For Math Professor, It All Adds Up

The UCF Mathematics Department welcomed Eduardo Teixeira, Ph.D, as a new professor this fall. Teixeira is a highly-esteemed and recognized mathematician, specializing in partial differential equations, free boundary problems and harmonic analysis.

Before accepting a position at UCF, Teixeira was a professor at the Universidade Federal do Ceara in his home country of Brazil for nine years, where he founded and directed what became one of the major research groups in nonlinear partial differential equations in Latin America.

“I felt I could contribute to the development of the mathematical Brazilian community; an endeavor that would ultimately have important academic and social impacts,” Teixeira said.

It was his mathematical work as well as his social outreach commitment in Brazil that caught the attention of the International Centre for Theoretical Physics (ICTP), who, partnered with the International Mathematical Union (IMU) and the Department of Science and Technology of the Government of India, awarded him the 2017 Ramanujan Prize. This award recognizes researchers who have conducted outstanding research in a developing country within any branch of mathematics.

“The Ramanujan Prize should be thought of as the ‘Nobel in mathematics’ for those mathematicians with connections to the developing world,” said Ken Ono, Ph.D., and longtime research mathematician.

Ono is the Asa Griggs Candler Professor of Mathematics and Computer Science at Emory University as well as the future Vice President of the American Mathematical Society.

“The winners are all world-class leaders in research,” Ono said. “I have known that Eduardo was a leading candidate for the ICTP-IMU Ramanujan Prize for some time. I am so pleased that he won. UCF is in very good company.”

Teixeira received the award for his research within the field of partial differential equations.

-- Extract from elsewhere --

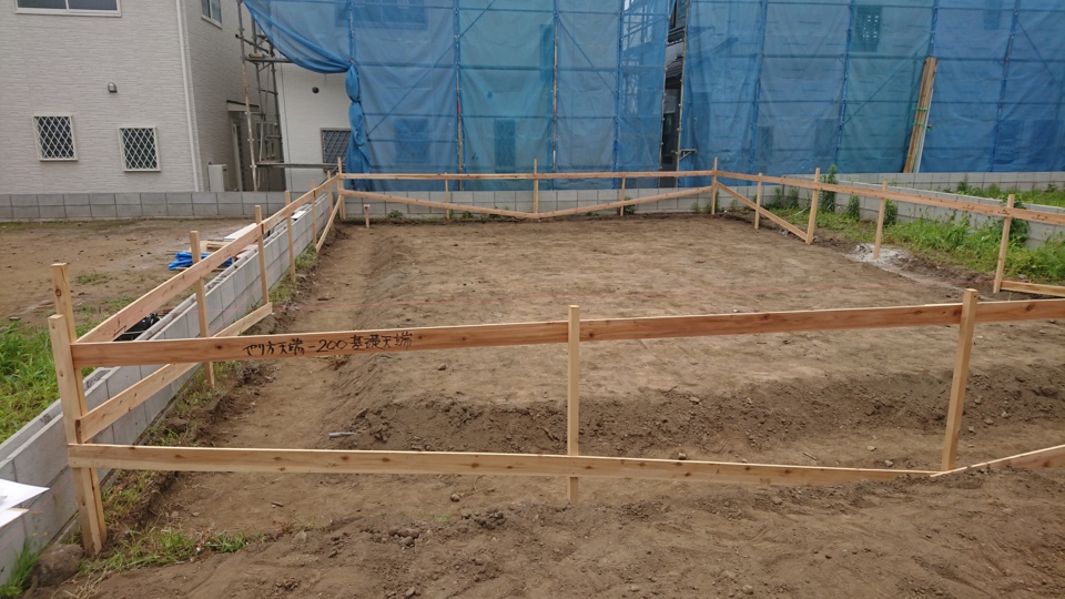 会社によっては基礎業者さんに【遣り方】施工を任せることもありますが、弊社では細かいチャック等もありますので自社で行っています。

Partial differential equations describe natural phenomena through mathematical models of physical laws.

“We find them in physics, biology, chemistry, even financial mathematics and social behavior,” Teixeira said. “I myself focus at the interface between applied and pure mathematics. I work with regularity theories, trying to understand the smoothness of the solutions.”

Teixeira obtained his Ph.D. in 2005 from the University of Texas, Austin, where he worked under the supervision of Professor Luis Caffarelli, Ph.D. In the sequel, he worked jointly at Rutgers University as Hill Assistant Professor. In 2008, however, despite a blossoming career in the United States, Teixeira knew he wanted to return to Brazil despite his colleagues’ warnings. While there, he worked to make mathematics more appealing to the general public. Ultimately, his decision to return to Brazil also allowed him to make an impact in the realm of mathematics education. The ICTP Ramanujan Prize recognizes his dedication to making a social impact in his profession.

“This ICTP Prize crowns this important part of my career,” he said. “It’s somehow telling me ‘it was all worth it.’”

In addition to the Ramanujan Prize, Teixeira is also an elected Fellow of the Brazilian Academy of Sciences and a recipient of the Mathematical Congress of the Americas Prize.

He now brings this knowledge and devotion to the field of mathematics to UCF, inspiring students to think creatively and view math as not just a tool, but a human endowment all should value.